“We can sign you up for spam in milliseconds without you even asking but it’ll take 7-10 days to unsubscribe you”
the reality is more that it’s handled by an intern using a fully GUI service to click a check box to unsubscribe you but finds even that a technical challenge.
The true reality from someone who works in this space is that every company with an intelligent marketing department uses an email service specialized to help market to a customer file filled with email addresses with preferences tailored to each customer, and marketing campaigns are designed days or weeks in advance and scheduled to go out on a rolling basis. Email addresses that get queued up for some sort of email campaign are already “locked and loaded” to some degree and are not designed to be unraveled to remove one random unsubscribe request. Since the email providers receive client updates perhaps once a day to fill campaign lists, your unsubscribe as a rule will not immediately sync to be removed from any future campaigns you’re not already signed up to receive. On top of that, syncs can and do fail, however infrequently. This means that if there is a technical issue with the connection of some sort, it can take a day or two to resolve. A heavy marketer may still send a couple emails to a customer that unsubscribed while that sync issue is being repaired.
tl;dr: Most companies remove you from email campaigns within a day. 7-10 days is CYA language in case something goes wrong.
I don’t even bother unsubscribing anymore, I just mark it as spam and it stops appearing in my inbox
I work in IT, and part of ITs duties is managing the enail filter and investigate emails detected or reported as phish or spam.
We don’t normally see the actual email, but we get basically all the metadata, you can see all sender information, super useful when dickheads try to spoof the sender, we see all URLs in the emails, with a wuick summary of if it is a bad URL, attachments as well, they all get scanned and we get warnings about them if shit is bad.
I take great pleasure in blocking senders and reporting spam/phishing to improve the global filters.
If a bad email campaign has gone through the filter we have the tools to find the emails in the differebt mailboxes and delete them, the system is also capable of doing this automatically if it detects bad stuff after delivery.

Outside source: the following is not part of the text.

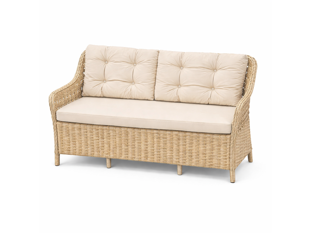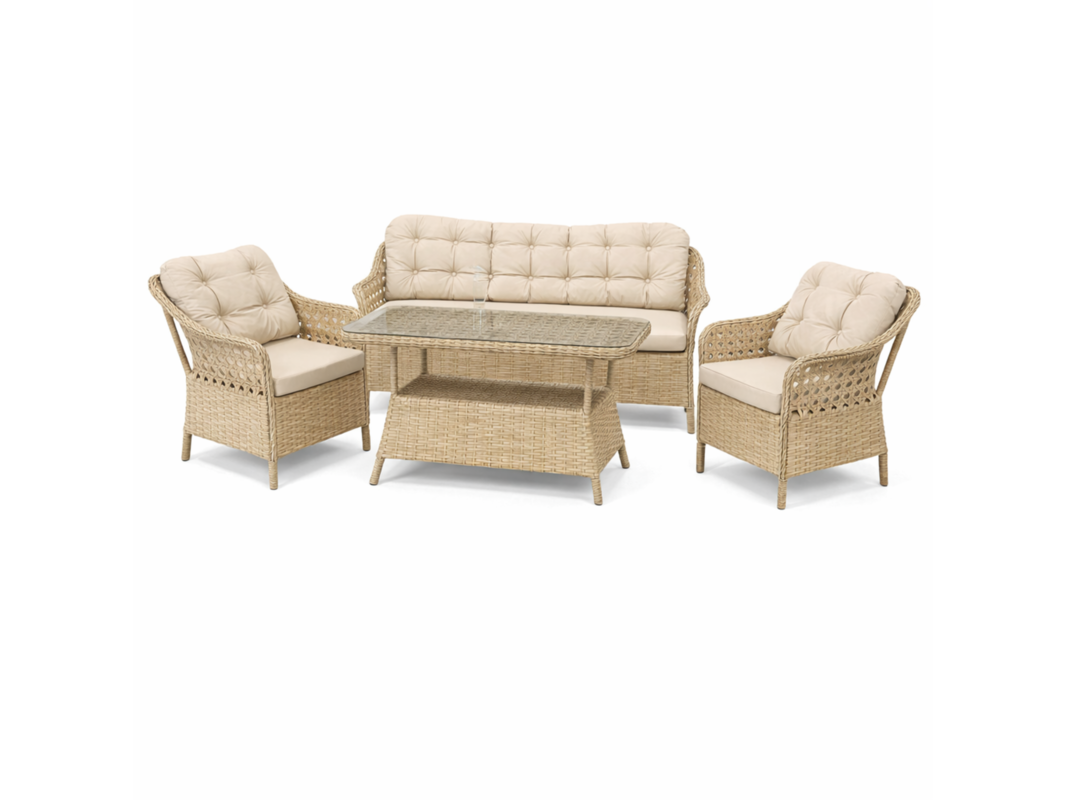 Product: Tuinset Kleur: creme Materiaal: aluminium frame, polyrotan, stof Afmeting: tafel: 122x70x72 bank: 140x70x90, stoel: 63x70x90 Conditie: nieuw Specificaties: bank 2 stoelen tafel met glasplaat

Meanwhile microsoft’s exchange online can’t even prevent attackers from spoofing microsoft.com as the sender. I nearly got caught by a fake quarantine notification once. The thing that made me suspicious was that the fake login page only took a second to load. The real one is never that fast.
The entire quarantine BS is trying to reinvent the wheel of the spam folder and causes a shitload of headaches for our internal IT.
Are you 100% certain that the sender domain was microsoft.com ? I have almost been had by something like rnicrosoft.com
Click here so we can track you, I mean unsubscribe you
The only acceptable email to receive in that case is “You have now unsubscribed from X”
IMO that’s unacceptable too. State that you’ve been unsubscribed on the confirmation page and never email again. You literally just told them never to email you again and they immediately emailed you. Also the ones that say “you’ll be removed from our mailing list in 2-3 weeks” should be fined. It doesn’t take 3 weeks to process an unsubscribe. Sure, it can take a day or two to propagate through all the databases if they use a convoluted database schema, and sync jobs, but WTF is up with 3 weeks? They’re just like “we’re going to go ahead and keep sending you shit for a few weeks. MK?”. Fuck you!
Definitely no to all that crap with weeks delay, unsubscribing should take seconds or at maximum until next DB sync, and that can’t be more than a few minutes.